NEW YORK (GenomeWeb News) – Functional targeting can refine metagenomic studies, revealing new organisms and providing genetic clues about their role in an ecosystem, according to new research.
In a paper appearing in Nature Biotechnology’s advanced, online publication yesterday, a team of researchers used DNA labeling to target methylotrophs — microorganisms that break down one-carbon compounds such as methane — in sediment samples pulled from the floor of Seattle’s Lake Washington that contained thousands of microbes.
“Our approach was simply to define our community before sequencing,” senior author Ludmila Chistoserdova, a microbiologist at the University of Washington, told GenomeWeb Daily News.

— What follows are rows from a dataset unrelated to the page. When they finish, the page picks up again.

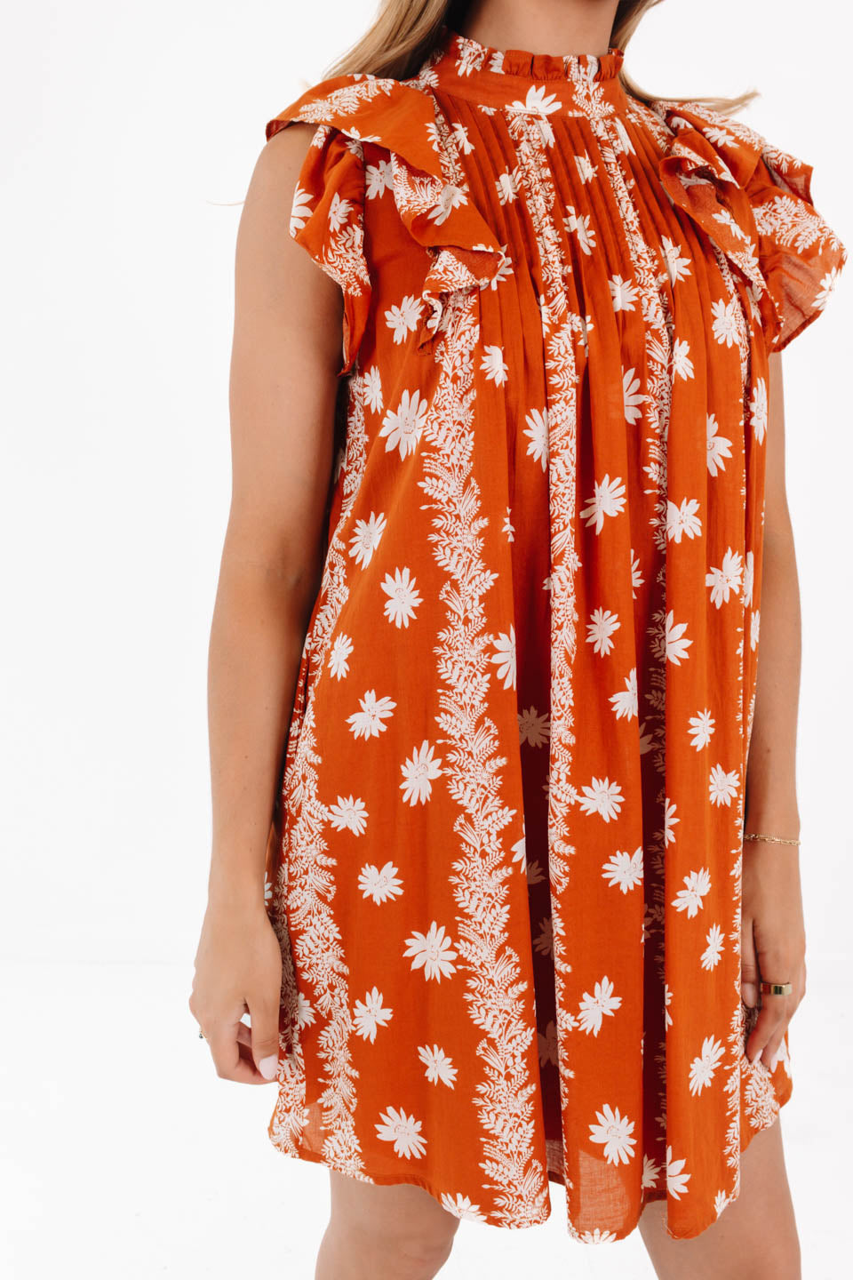 The Aubrey Belted Button Up Midi Dress - Burnt Orange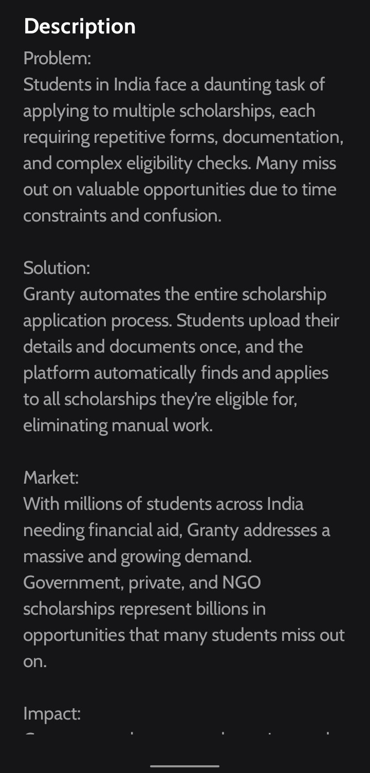 I have participated in Red Bull Basement 2024 through Medialโs Startup Showcase. with my startup Idea "granty" and would love to get your vote so that I can win. Please vote for me on this link- https://medial.app/idea/granty-54a197c404dd2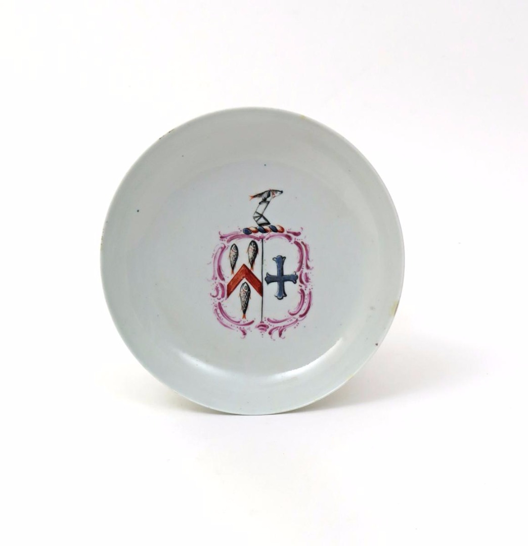 A rare Philip Christian (Liverpool) armorial saucer c.1768-72, painted in polychrome enamels with the arms of Brougham impaling Lamplugh, a chevron with three lucies, and a cross flory surmounted with a crest of a hand and arm in armour holding a further lucie, 15.4cm.

From the sequence they garnered, the team was able to stitch together a nearly complete genome for a microbe called Methylotenera mobilis and begin analyzing the function of this previously unknown bug. And, the researchers noted, such functional metagenomics techniques will likely prove useful in other environments as well.

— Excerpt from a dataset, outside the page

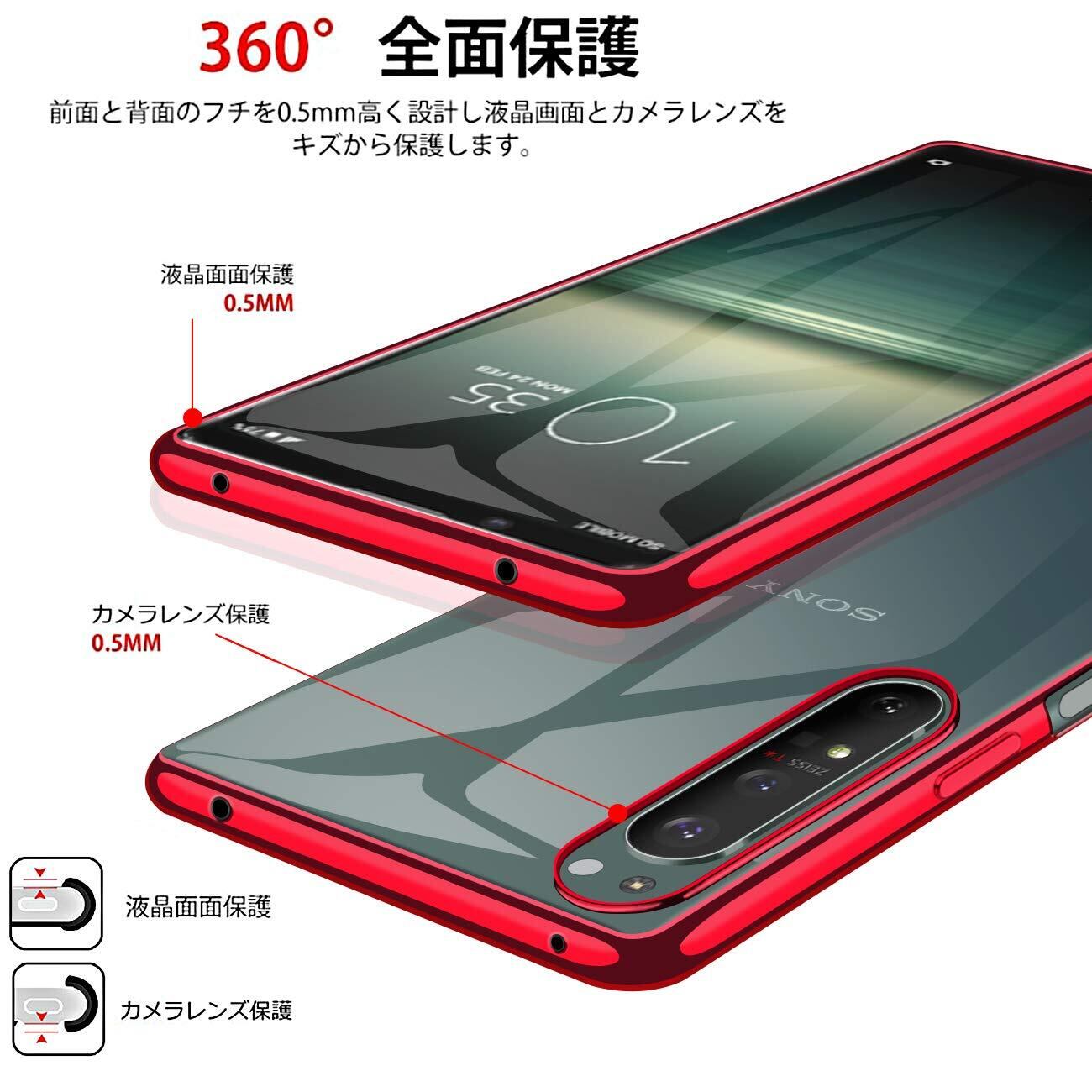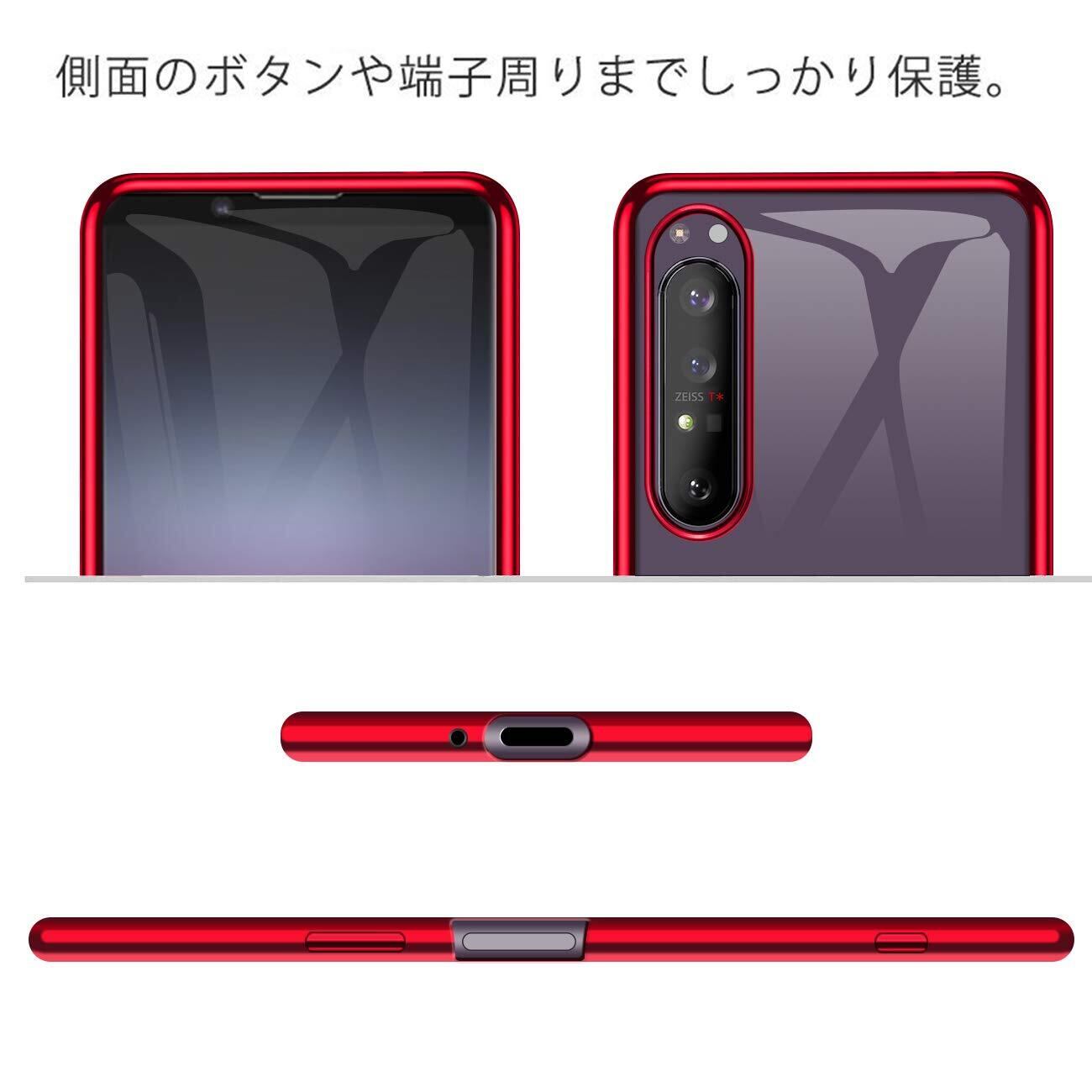 Xperia 1 II ケース SO-51A カバー クリア 透明 TPU 耐衝撃 薄型 シリコン スリム 擦り傷防止 黄変防止 メッキ加工 ストラップホール付き Xperia1 II au SOG01 カバー(レッド)

Although metagenomic sampling offers the potential to capture all of the DNA in a particular environment, Chistoserdova explained, it also has drawbacks. Because environmental samples usually contain complex communities, metagenomic sequencing frequently turns up bits and pieces of DNA that don’t quite fit together, she said. That makes it difficult to determine what sorts of organisms are in a sample, what they’re doing in the environment, how they fit together, and how they’re related to one another.

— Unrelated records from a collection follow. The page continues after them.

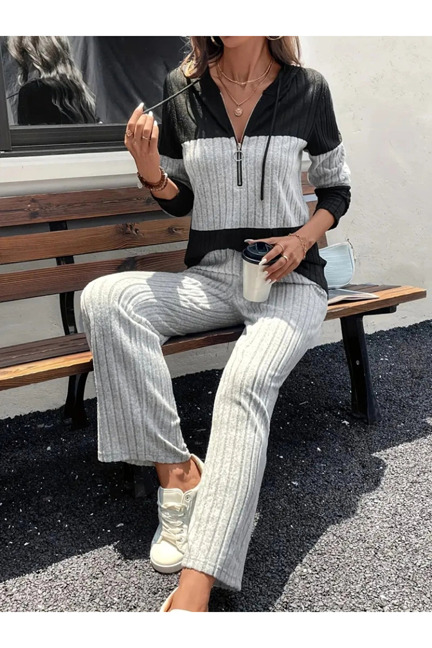 Kadın Uzun Kollu Kapşonlu önden Fermuarlı şardonlu Kaşkorse Bluz Ve Pantolon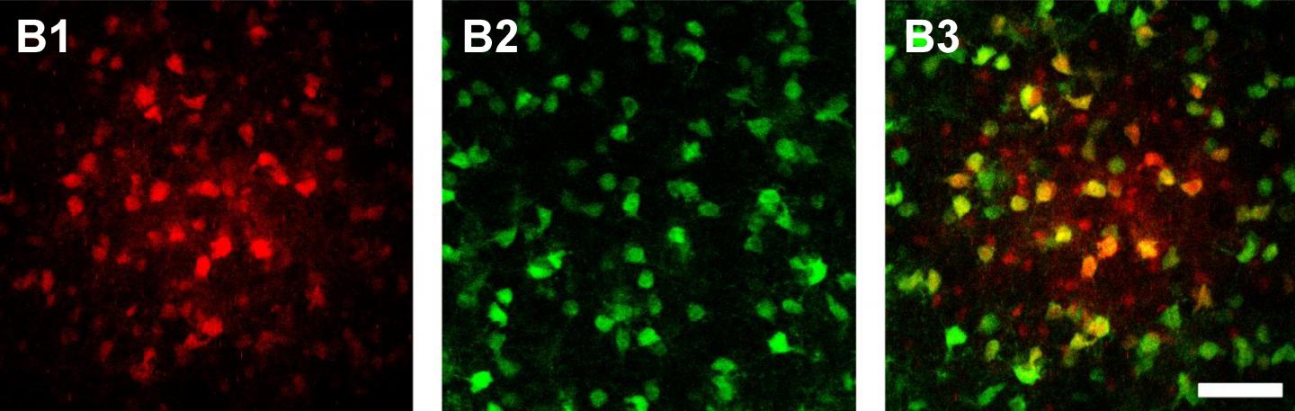 image: When an astrocyte in the thalamus is filled with a dye, it diffuses into neighboring cells of the network (red). These include many oligodendrocytes (green), as shown by the overlay (B3, yellow).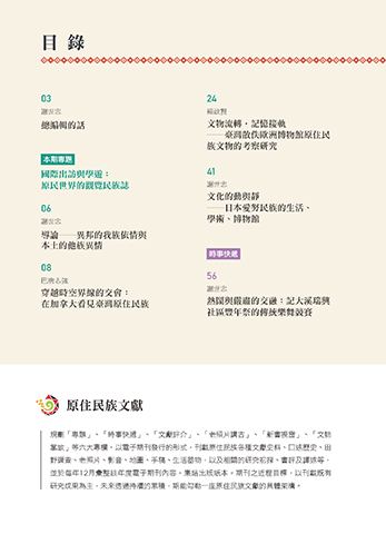 掌故」等六大專欄,以電子期刊發行的形式,刊載原住民族各種文獻史料、口述歷史、田

By linking sequence to function, Chistoserdova and her colleagues were able to start honing in on relationships between certain community members and understanding the functions and interactions of these players.
The researchers — including collaborators from the University of Washington, US Department of Energy’s Joint Genome Institute, the IBM Thomas J. Watson Research Center, Lawrence Berkeley National Laboratory, Combimatrix, and the Los Alamos National Laboratory — focused on methylotrophs, microorganisms with a role in carbon cycling. “They consume C1 compounds and some of these are very potent greenhouses gases, such as methane,” Chistoserdova said.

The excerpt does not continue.